Treas. Reg. 79 (1936 ed.) Art. 1: " Imposition of tax. — . . . The tax is not limited in its imposition to transfers of property without a valuable consideration, which at common law are treated as gifts, but extends to sales and exchanges for less than an adequate and full consideration in money or money's worth."
To reinforce the evident desire of Congress to hit all the protean arrangements which the wit of man can devise that are not business transactions within the meaning of ordinary speech, the Treasury Regulations make clear that no genuine business transaction comes within the purport of the gift tax by excluding "a sale, exchange, or other transfer of property made in the ordinary course of business (a transaction which is bona fide, at arm's length, and free from any donative intent)." Treas. Reg. 79 (1936 ed.) Art. 8. Thus on finding that a transfer in the circumstances of a particular case is not made in the ordinary course of business, the transfer becomes subject to the gift tax to the extent that it is not made "for an adequate and full consideration in money or money's worth." See 2 Paul, Federal Estate and Gift Taxation (1942) p. 1113.

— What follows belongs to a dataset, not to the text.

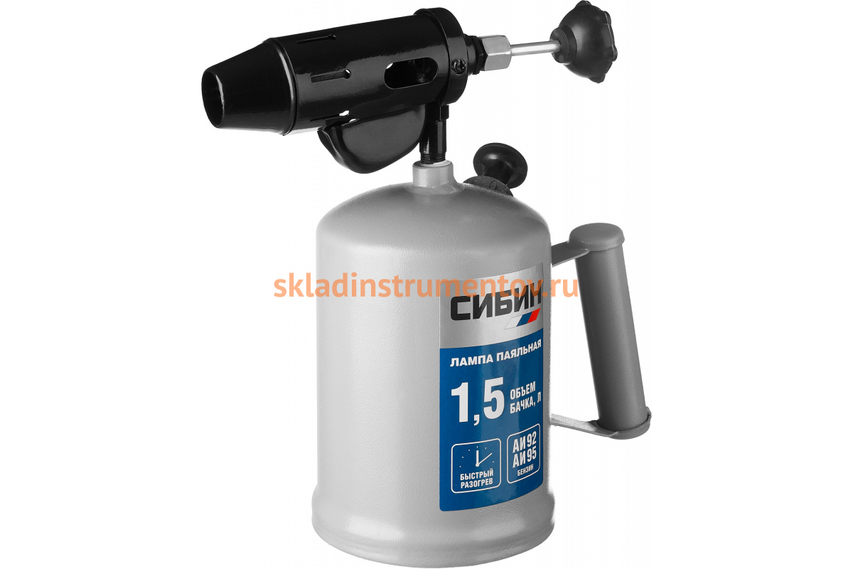 Паяльная стальная лампа СИБИН 1,5 л 40670 подойдет для разогрева труб и выполнения аналогичных работ.

The Tax Court in effect found the transfer of the stock to Mrs. More was not made at arm's length in the ordinary course of business. It noted that the inducement was marriage, took account of the discrepancy between what she got and what she gave up, and also of the benefit that her marriage settlement brought to her son. These were considerations the Tax Court could justifiably heed, and heeding, decide as it did. Its conclusion on the issue before it was no less to be respected than were the issues which we deemed it was entitled to decide as it did in Dobson v. Commissioner, 320 U.S. 489, Commissioner v. Heininger, 320 U.S. 467, Commissioner v. Scottish American Co., 323 U.S. 119.

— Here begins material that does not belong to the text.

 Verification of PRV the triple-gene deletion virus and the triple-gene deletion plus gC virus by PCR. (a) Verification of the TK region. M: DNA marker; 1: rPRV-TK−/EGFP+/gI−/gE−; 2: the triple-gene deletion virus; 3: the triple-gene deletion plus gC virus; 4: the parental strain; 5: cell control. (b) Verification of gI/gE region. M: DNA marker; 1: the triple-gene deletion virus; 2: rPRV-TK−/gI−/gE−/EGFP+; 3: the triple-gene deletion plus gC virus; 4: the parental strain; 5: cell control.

If we are to isolate as an independently reviewable question of law the view of the Tax Court that money consideration must benefit the donor to relieve a transfer by him from being a gift, we think the Tax Court was correct. See Commissioner v. Bristol, 121 F.2d 129. To be sure, the Revenue Act of 1932 does not spell out a requirement of benefit to the transferor to afford relief from the gift tax. Its forerunner, § 320 of the 1924 Act, 43 Stat. 253, 314, was more explicit in that it provided that the excess of the transfer over "the consideration received shall . . . be deemed a gift." It will hardly be suggested, however, that in re-imposing the gift tax in 1932 Congress meant to exclude transfers that would have been taxed under the 1924 Act. The section taxing as gifts transfers that are not made for "adequate and full [money] consideration" aims to reach those transfers which are withdrawn from the donor's estate. To allow detriment to the donee to satisfy the requirement of "adequate and full consideration" would violate the purpose of the statute and open wide the door for evasion of the gift tax. See 2 Paul, supra, at 1114.
Reversed.
MR. JUSTICE ROBERTS dissents, and would affirm the judgment for the reasons given in the opinion of the Circuit Court of Appeals.